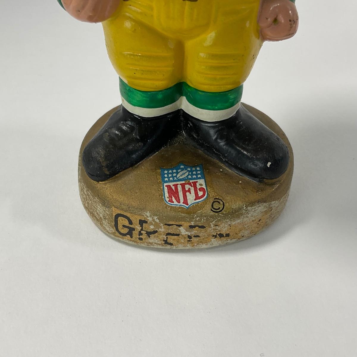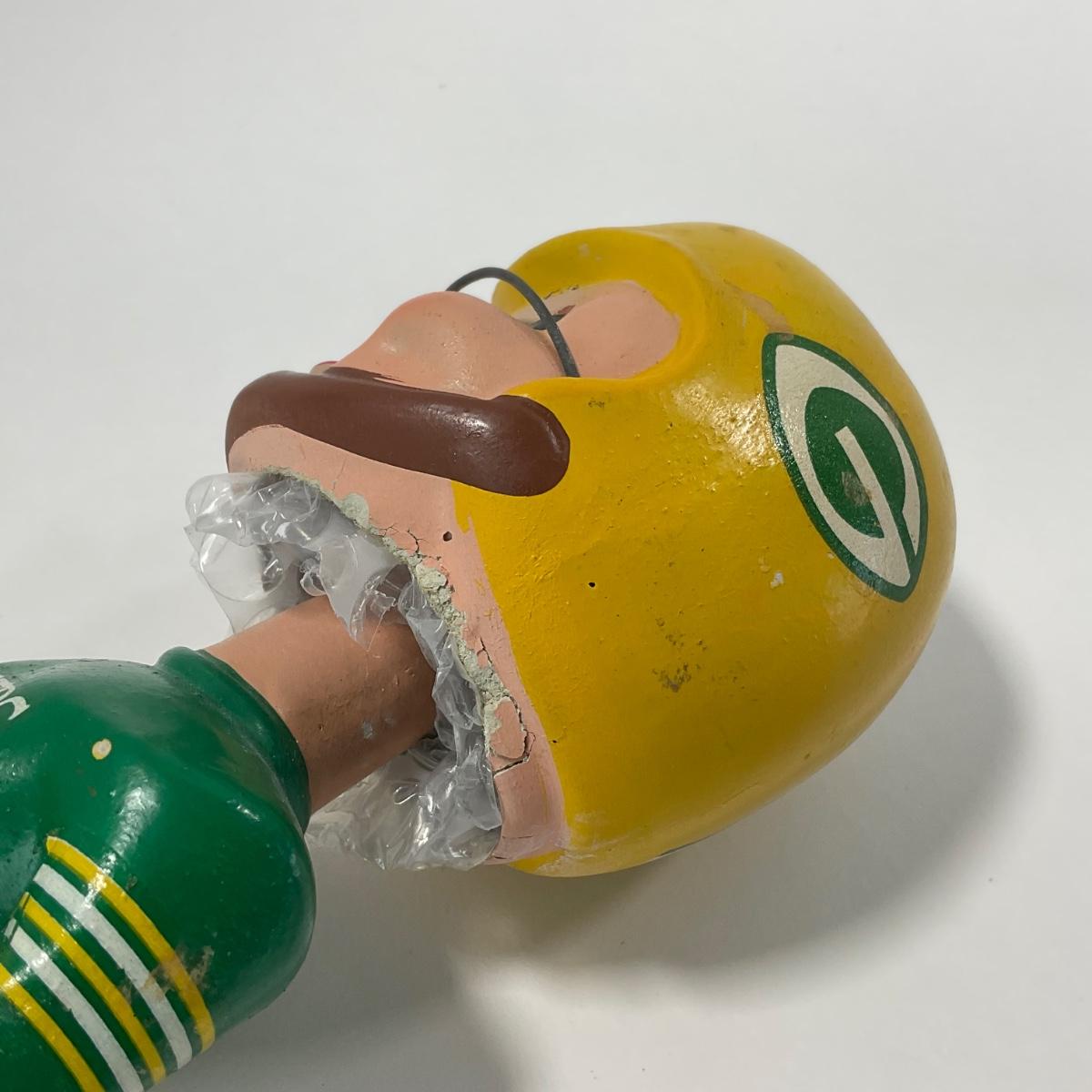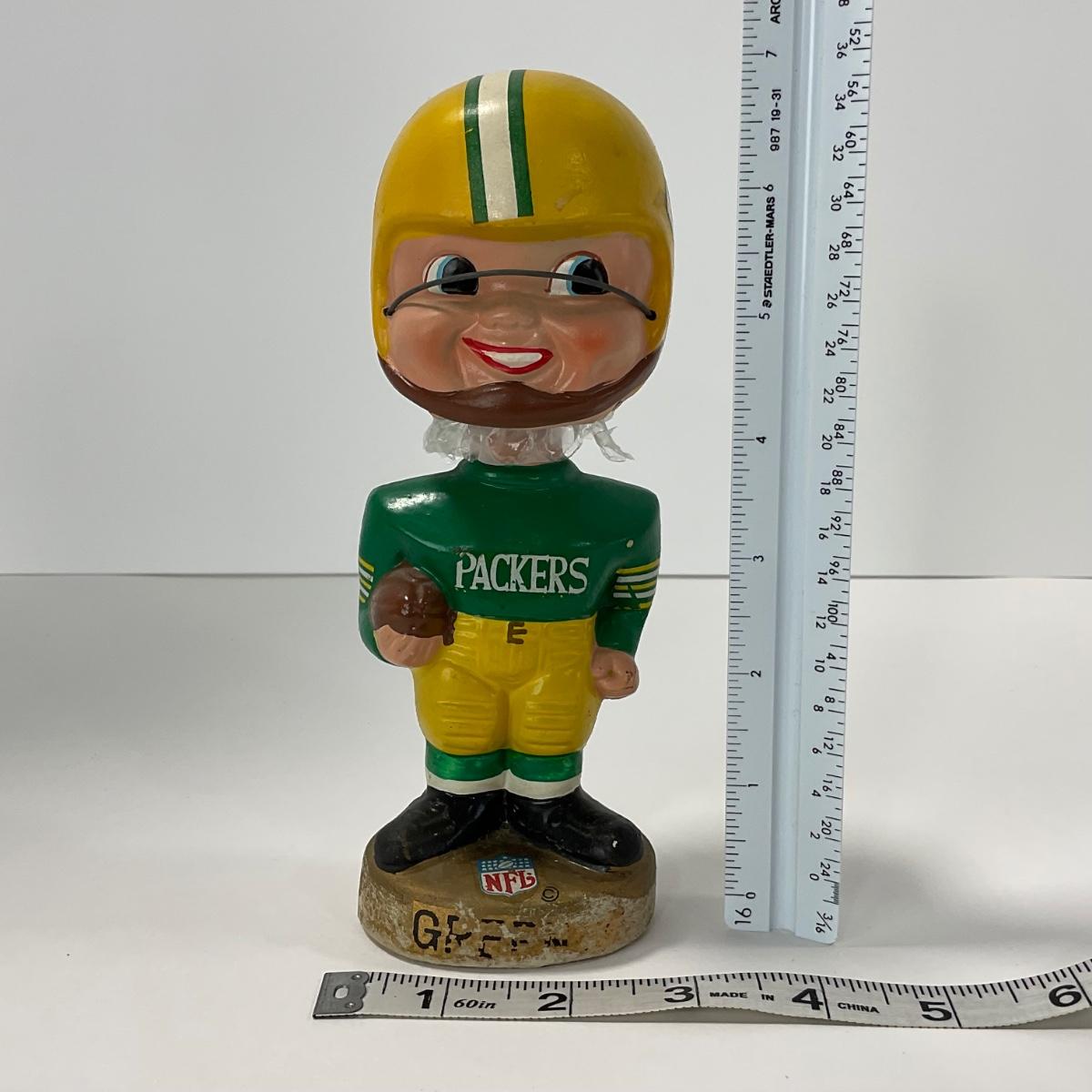 One vintage 1960’s Green Bay Packers Nodder. Please see photos for details and condition. ::: Shipping is available on this lot. If you require shipping you must let us know at the close of the auction. We will coordinate with you after the item has been won. Shipping fees will include insurance up to or exceeding the value of all items being mailed. If you have any questions regarding this lot please contact the auctioneer either via this website, by direct email or by phone. PICK UP TIMES and other important information can be found in the TERMS and DESCRIPTION of the auction. Please take a look for pertinent information. Thanks!
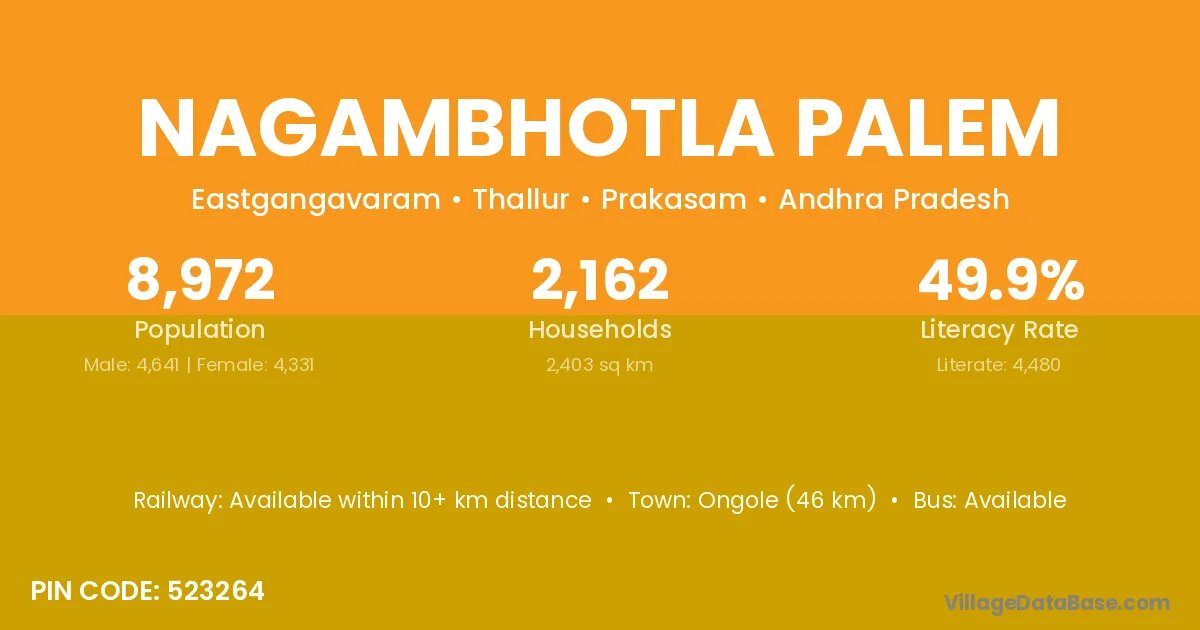 Ongole (46 km) is the nearest town to Nagambhotla Palem village for major economic activities and is located approximately 46 km away.
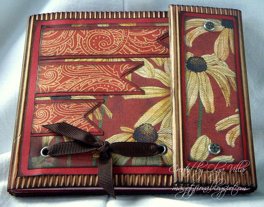 La parte trasera es sencilla con este precioso papel. Y todo el conjunto adornado con estos brad con forma de tornillos, que me parecen de lo mas divertido.
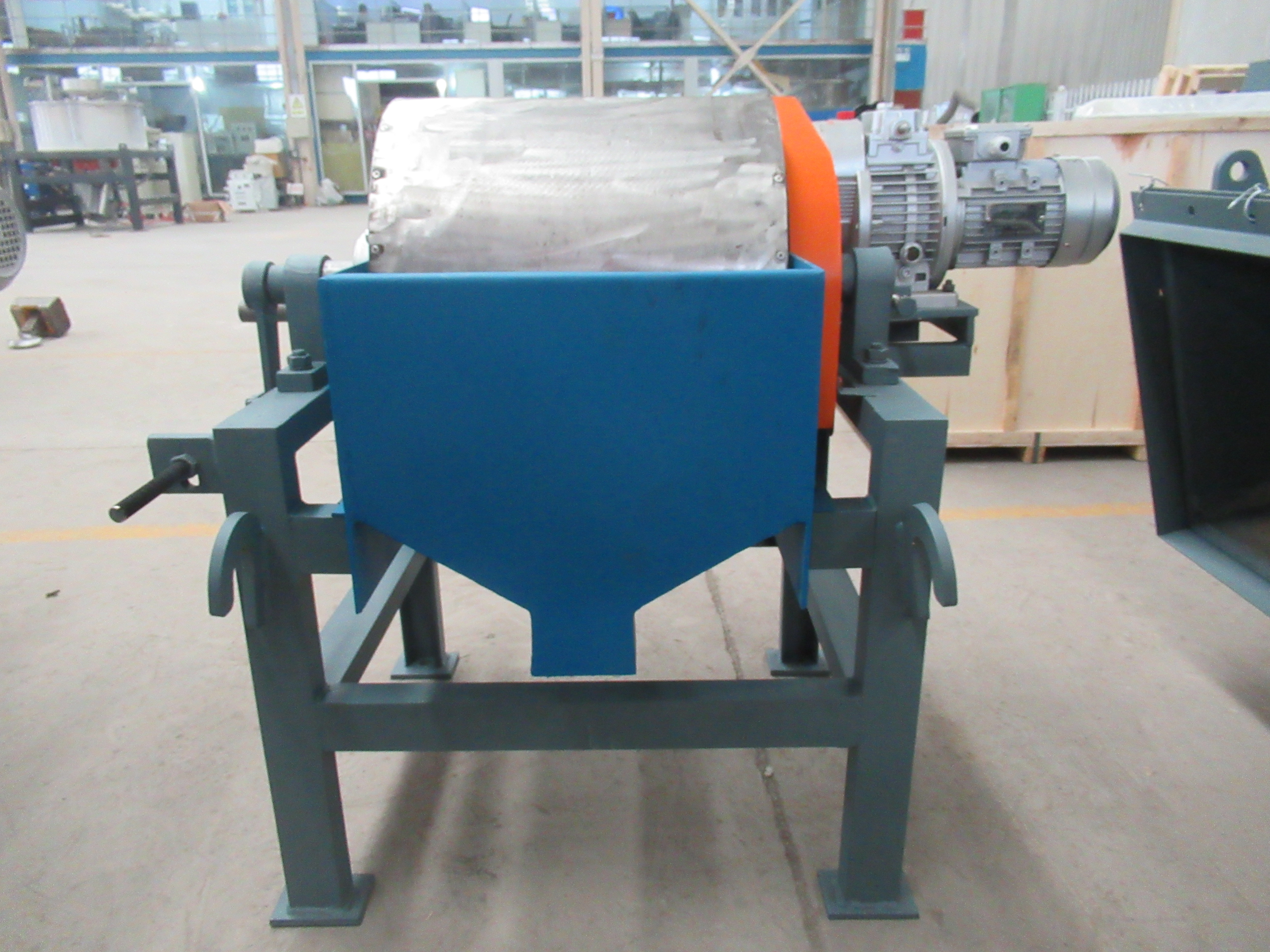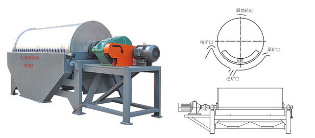 其原理是當(dāng)?shù)V漿進入磁場區(qū)時,其中強磁性礦物被吸附在圓筒表面,弱磁性和非磁性礦物被水流沖洗排出,而吸附在圓筒表面上的磁性礦物隨圓筒旋轉(zhuǎn),被帶出磁場區(qū),用沖洗水沖入精礦槽中,完成分選作業(yè)。
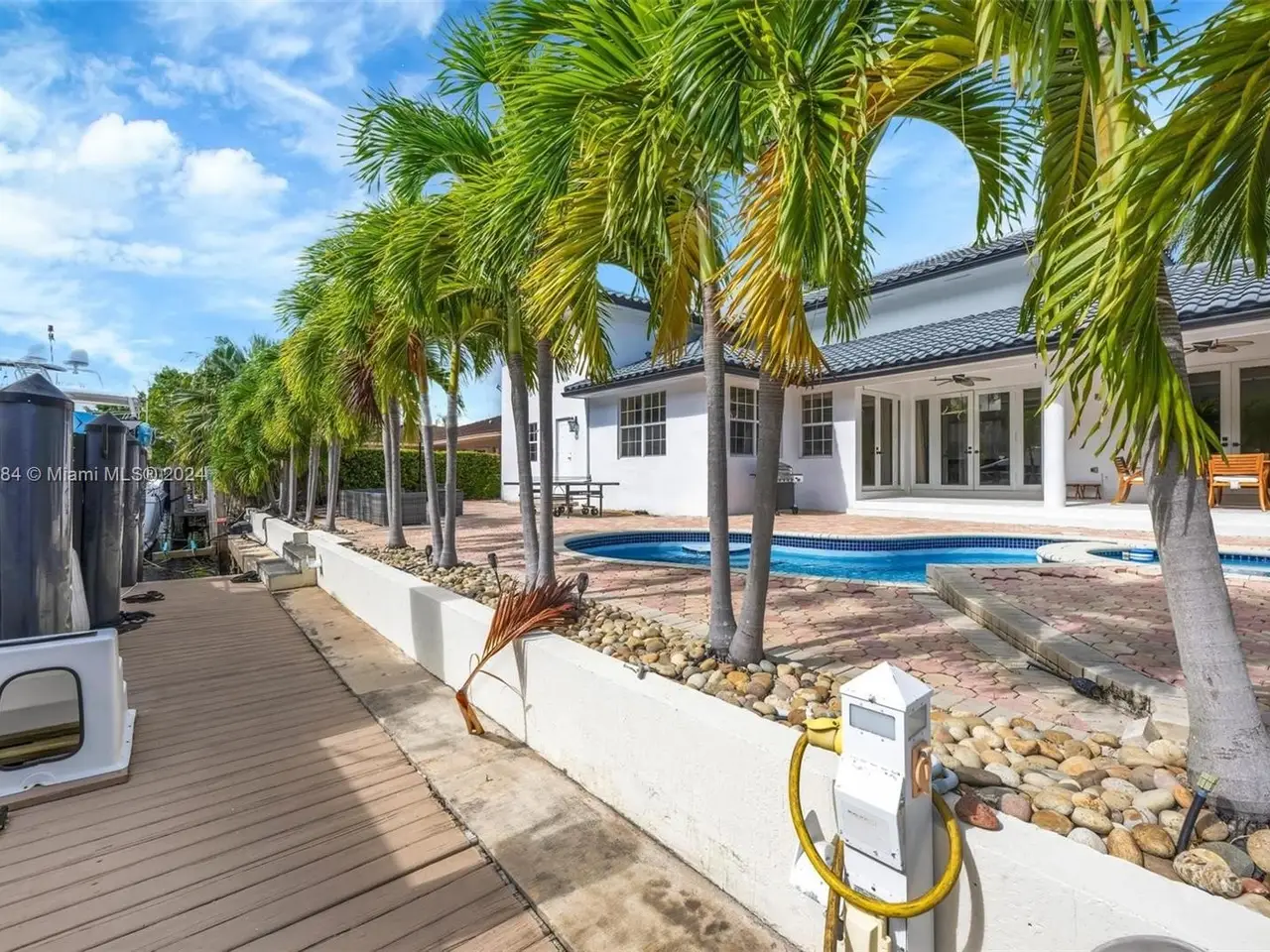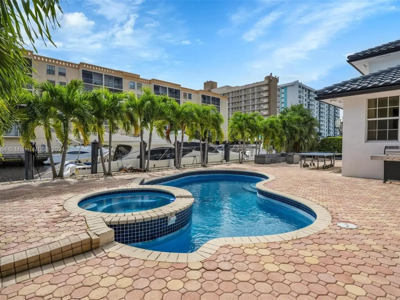 Welcome to this stunning 5-bedroom, 4-bathroom waterfront masterpiece in the prestigious, guard-gated community of Eastern Shores. With direct ocean access and no fixed bridges, this property offers the ultimate in luxury and convenience for boating enthusiasts, featuring a private dock capable of accommodating an 80-foot yacht and a Wave runner elevator lift for added water sport enjoyment. Designed with modern elegance, this home boasts soaring high ceilings, exquisite marble flooring, and premium granite countertops throughout. Hurricane-impact windows ensure safety and peace of mind, while the home is also equipped with 4 separate A/C zones, a heated pool, and a relaxing spa to elevate your living experience.
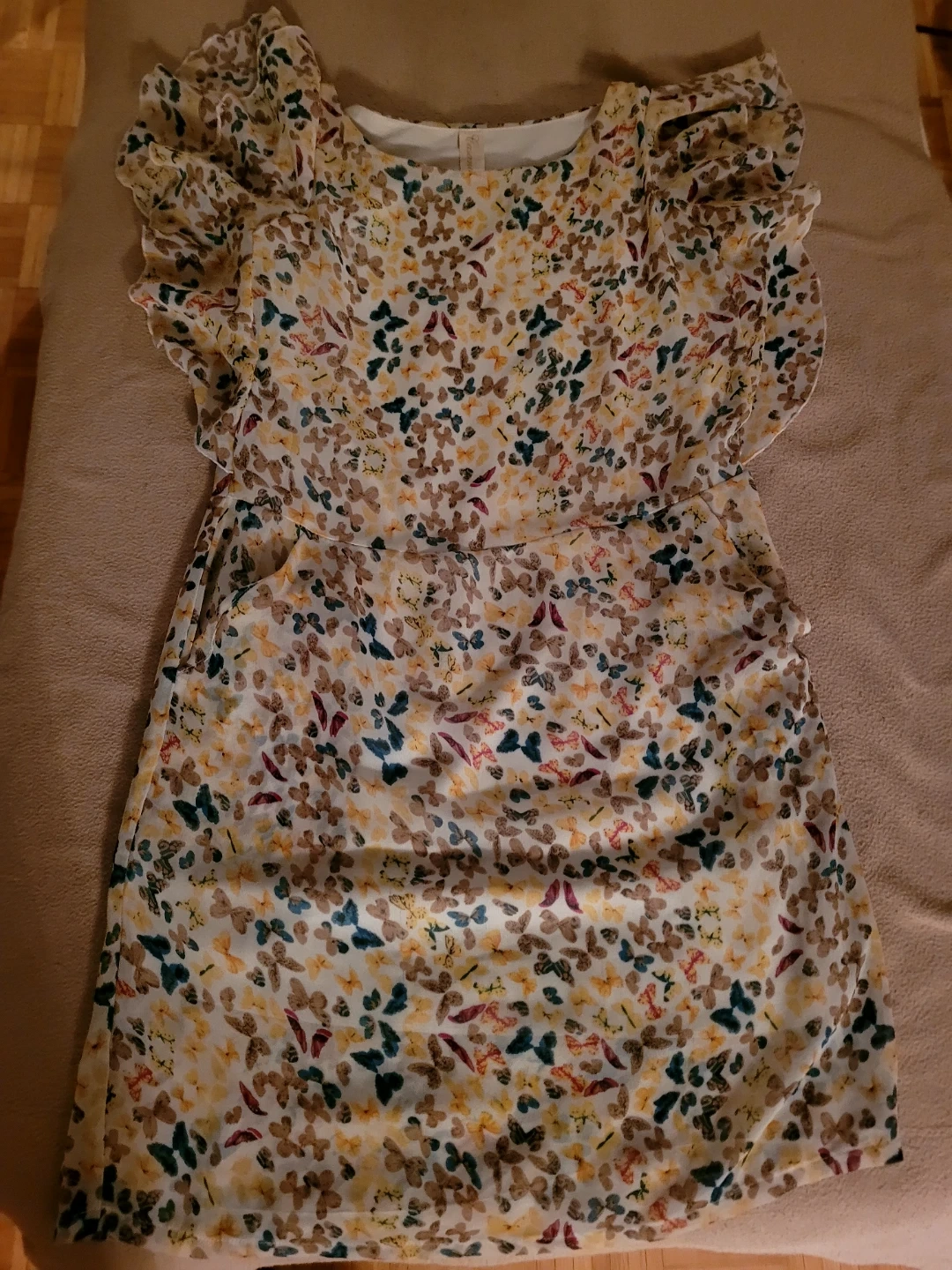 This is a cute short-sleeve dress with a lovely all-over butterfly print. It features a comfortable fit and ruffled sleeves. The fabric is lightweight, making it great for warmer weather.
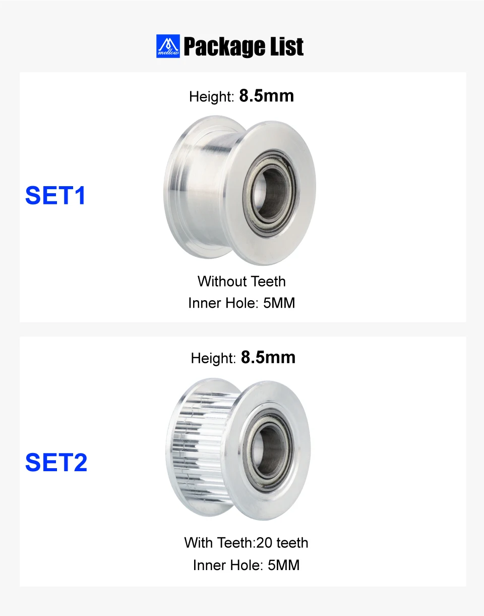 Mellow 1Pcs 20T 8.5MM Height GT2 Idler 20 Tooth Wheel Bore 5mm For High Matching Low Vibration Gates 6MM 2GT Timing Belt
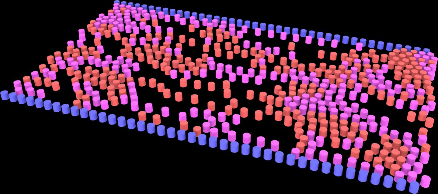 image: Simulation of pedestrian counterflow (red and pink particles) confined within a hallway (blue boundary), under conditions of weak social distancing.

TASK OBJECTIVE: Above are the records; please give again, exactly and in full, only the lines that run from the line with "La parte trasera" through the line with "其原理是當(dāng)?sh", with no pictures.

TASK ANSWER:
 La parte trasera es sencilla con este precioso papel. Y todo el conjunto adornado con estos brad con forma de tornillos, que me parecen de lo mas divertido.
 其原理是當(dāng)?shù)V漿進入磁場區(qū)時,其中強磁性礦物被吸附在圓筒表面,弱磁性和非磁性礦物被水流沖洗排出,而吸附在圓筒表面上的磁性礦物隨圓筒旋轉(zhuǎn),被帶出磁場區(qū),用沖洗水沖入精礦槽中,完成分選作業(yè)。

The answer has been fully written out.